Как я был бы, однако, счастлив, восклицал далее автор, если бы это скромное сочинение про живописца, картин которого никто не видел, позволило каждому хоть на миг, хоть отчасти воссоздать их в своем воображении, увидеть рожденный в его душе уязвимый, непрочный, прекрасный мир — и ощутить несравненное обаяние простой, провинциальной, исчезающей жизни. Мы все почему-то считаем значительным, продолжал он, лишь непреходящее, монументальное, вечное. А может, значительней всего именно это — обреченное, трепетное, живое. Надо лишь сравняться с тем, кто осчастливлен был даром видеть, чтобы благодаря ему причаститься к этой способности. Так причащаешься к гениальности в мгновения любви, писал автор (не без высокопарности, увы, присущей провинциалам), так гениальны бывают сны. Жизнь стала бы невыносимой без этой равносильной чуду возможности.
В Центре Гавриила, если верить далее сочинителю, художник продолжал рисовать уже не на бумаге и не на досках, он покрывал картинами целые стены. Те немногие, кто успел эти работы увидеть, с трудом находили потом слова для рассказа о нежных, едва проявленных очертаниях, которые необъяснимо сгущались из полупрозрачных переливов. Увы, после некачественного, как это теперь обычно бывает, ремонта краска скоро стала со стен облезать, осыпаться вместе со штукатуркой. На стенах вместо прежних образов сами собой начали возникать картины распада, разрушения, о которых художник не помышлял, и картины эти производили, по свидетельствам некоторых, впечатление ошеломляющее. На них невозможно было просто смотреть долгое время, возбужденно повествовал автор. Зритель поневоле втягивался в них и оказывался внутри пугающего мира, где никого, кроме него, не было, где части не связывались друг с другом, где терялось представление о верхе и низе. Этот мир был лишен постоянных координат. Земля уходила из-под ног, голова начинала идти кругом. Ненадолго возникал старый дом и тут же уходил в развороченную землю, сквозь него прорастали растительные формы. В разных сюжетах без видимой связи возникали фрагменты разрушенного города, обломки предметов, осколки посуды, обесформленная детская коляска свисала с покореженных металлических конструкций, и конструкции эти не просто срастались — прорастали одна в другую, соединенные ржавчиной навсегда, так, что уже было не определить, чем они были по отдельности. Если зритель вовремя не успевал опомниться, он страдальчески застревал в сгустках, комках, осыпях, в не проходимом месиве золы и грязи.
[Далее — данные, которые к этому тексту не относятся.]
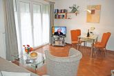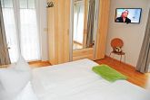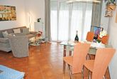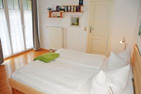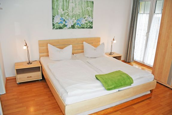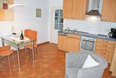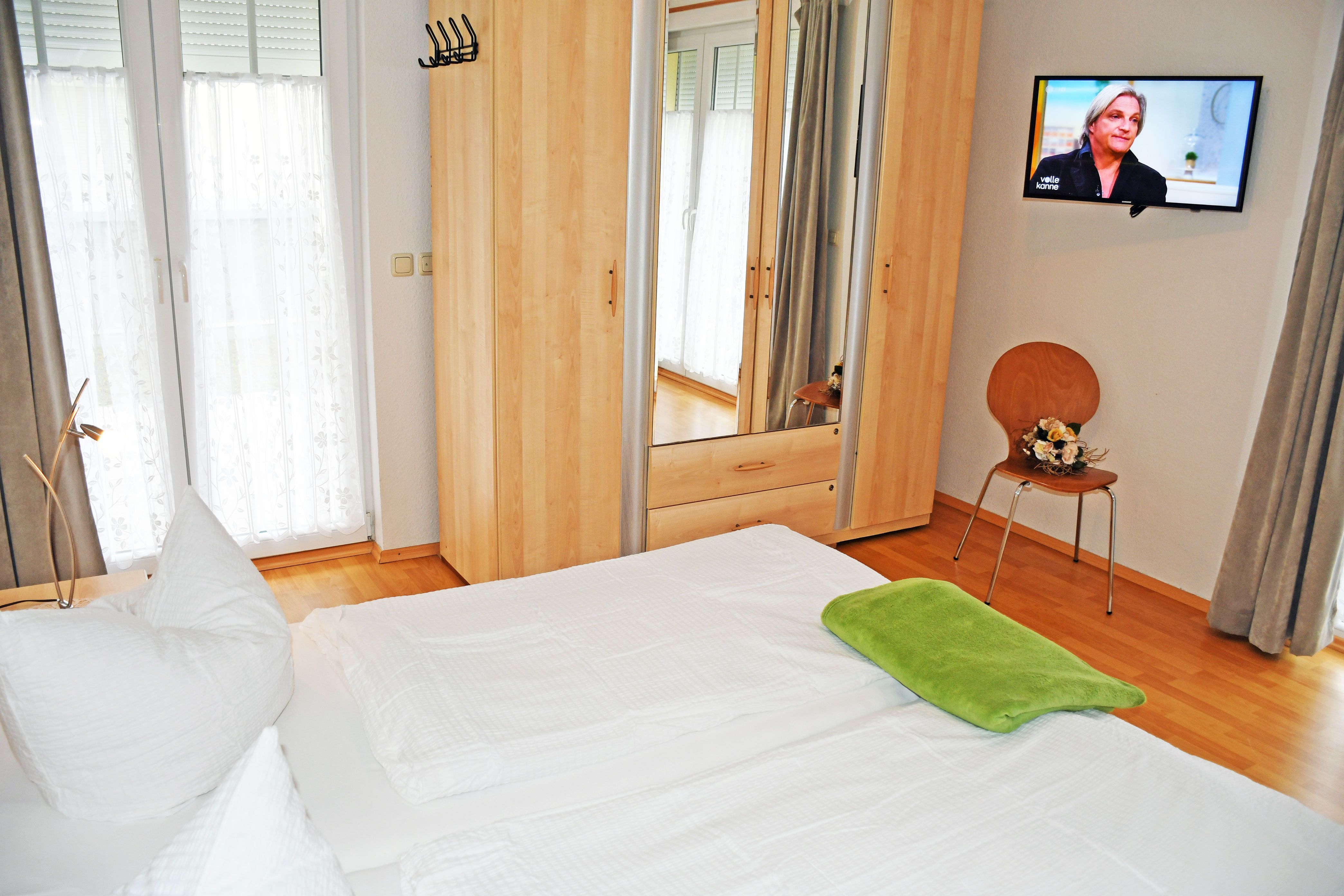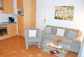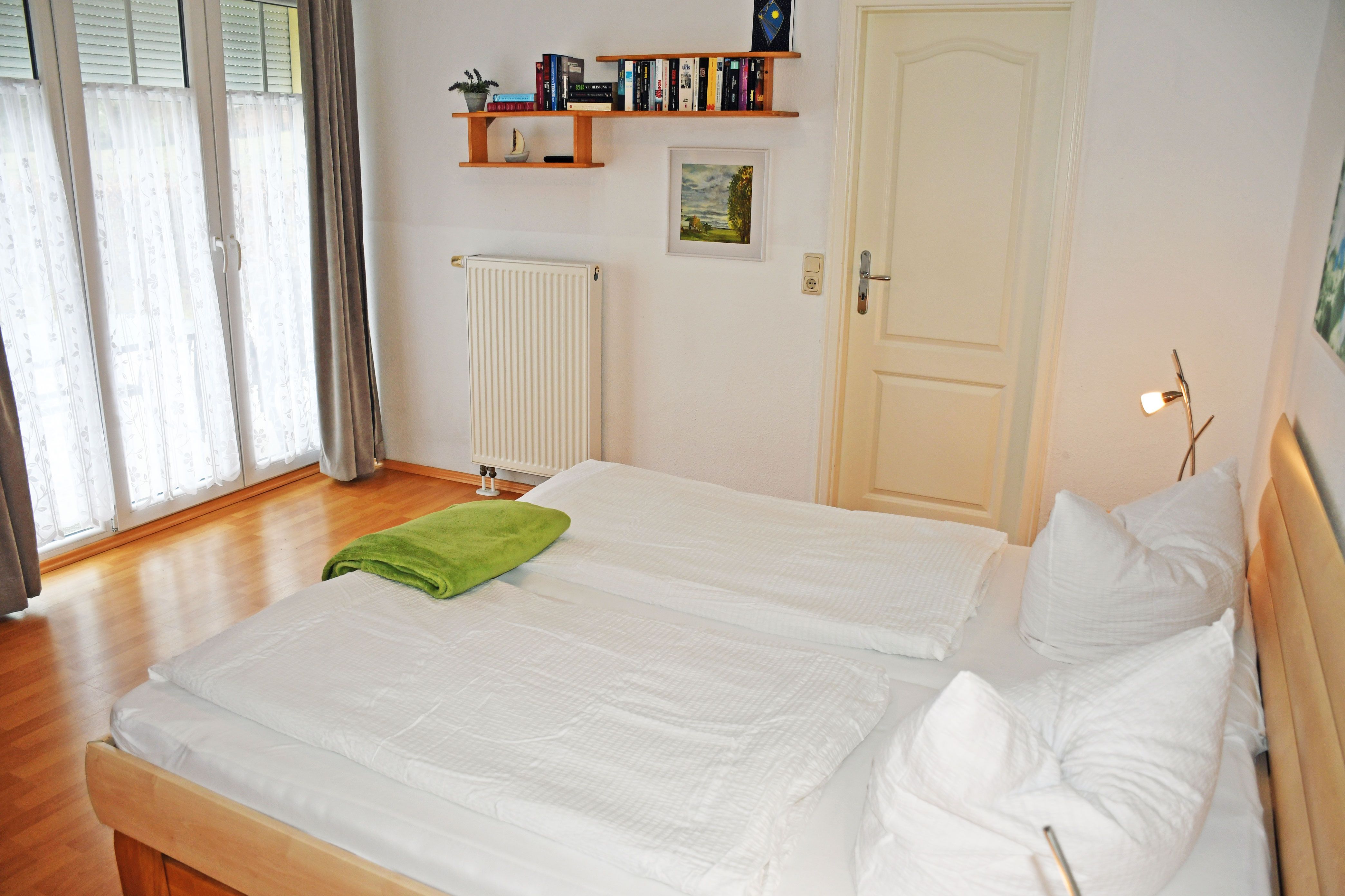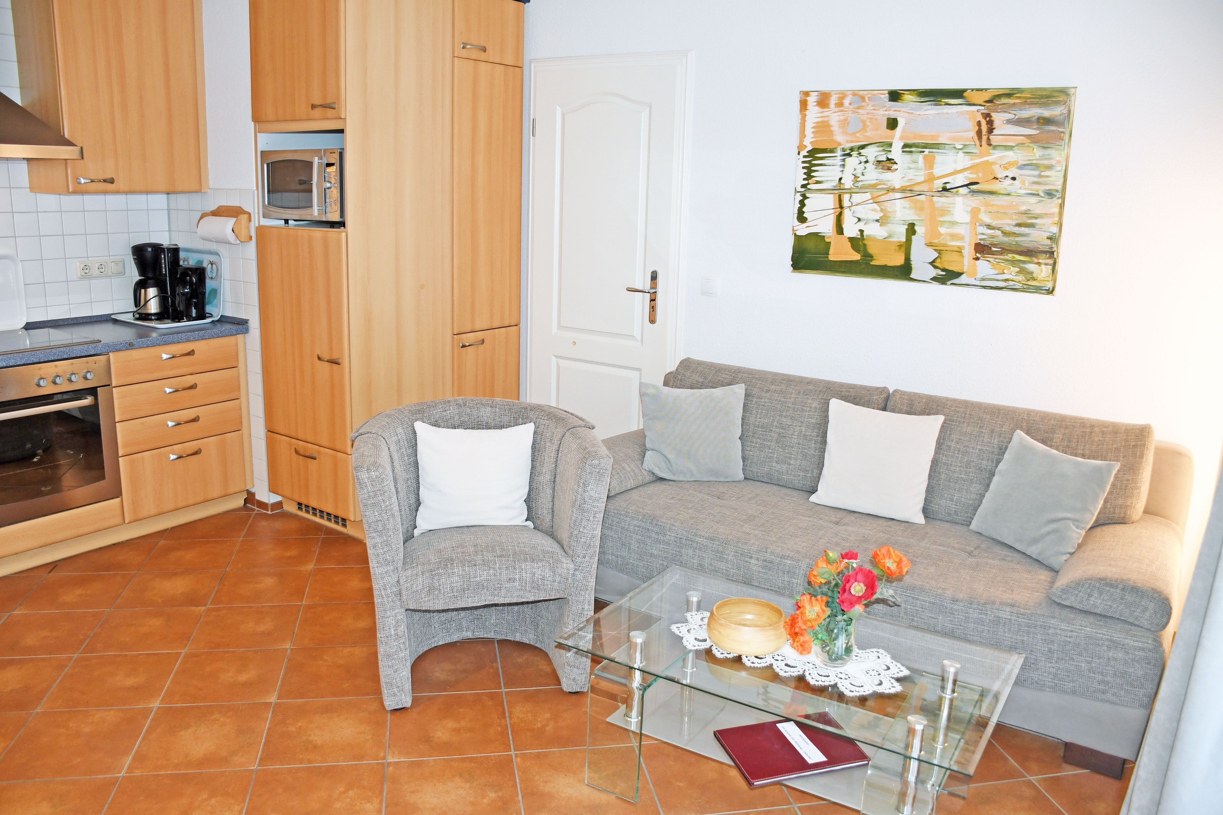 Sie werden von einer hellen und freundlichen 2-Zimmer Ferienwohnung in Parterre begrüßt, die über einen kleinen Flur betreten wird. Von hier aus kommen Sie in die Du/WC und durch eine Glastür in den Wohn-Küchenbereich. Eine moderne Wohnküche mit Vollausstattung (Cerankochfeld, Kühlschrank incl. TK-Fach, Geschirrspülmaschine, Mikrowelle, Kaffeemaschine, Wasser- und Eierkocher, Toaster ect.) Durch die hohen Terrassenfenster ist der Wohn-und Schlafbereich sehr lichtdurchlässig. Die ausziehbare Couch im Wohnzimmer oder das Schiebebett unter dem Doppelbett im Schlafzimmer oder ein zur Verfügung stehendes Klappbett bieten eine weitere Schlafmöglichkeit.
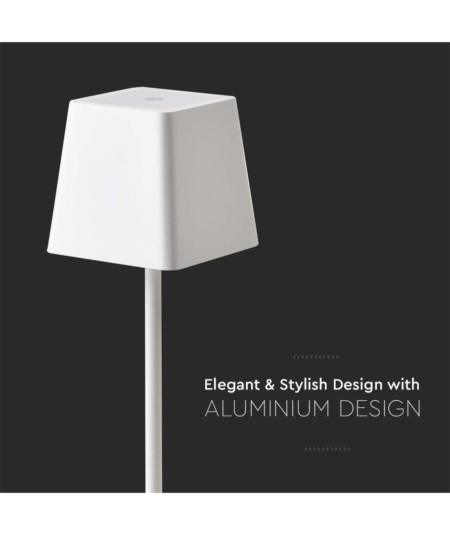 Denna mångsidiga och uppladdningsbara LED bordslampa erbjuder flexibilitet för både inomhus- och utomhusmiljöer. Lampan har en stilren vit design och är en perfekt följeslagare i alla rum eller utomhusområden som kräver extra belysning.

Надо признать, созданные фантазией сочинителя картины производили изрядное впечатление, следовало воздать должное его изобразительному мастерству, но к Иннокентию они, во всяком случае, отношения не имели. Как и попутные теоретизирования литератора о современной «эстетике разложения», о трагизме гения, для которого лабиринты душевного ада отождествляются с драмой времени.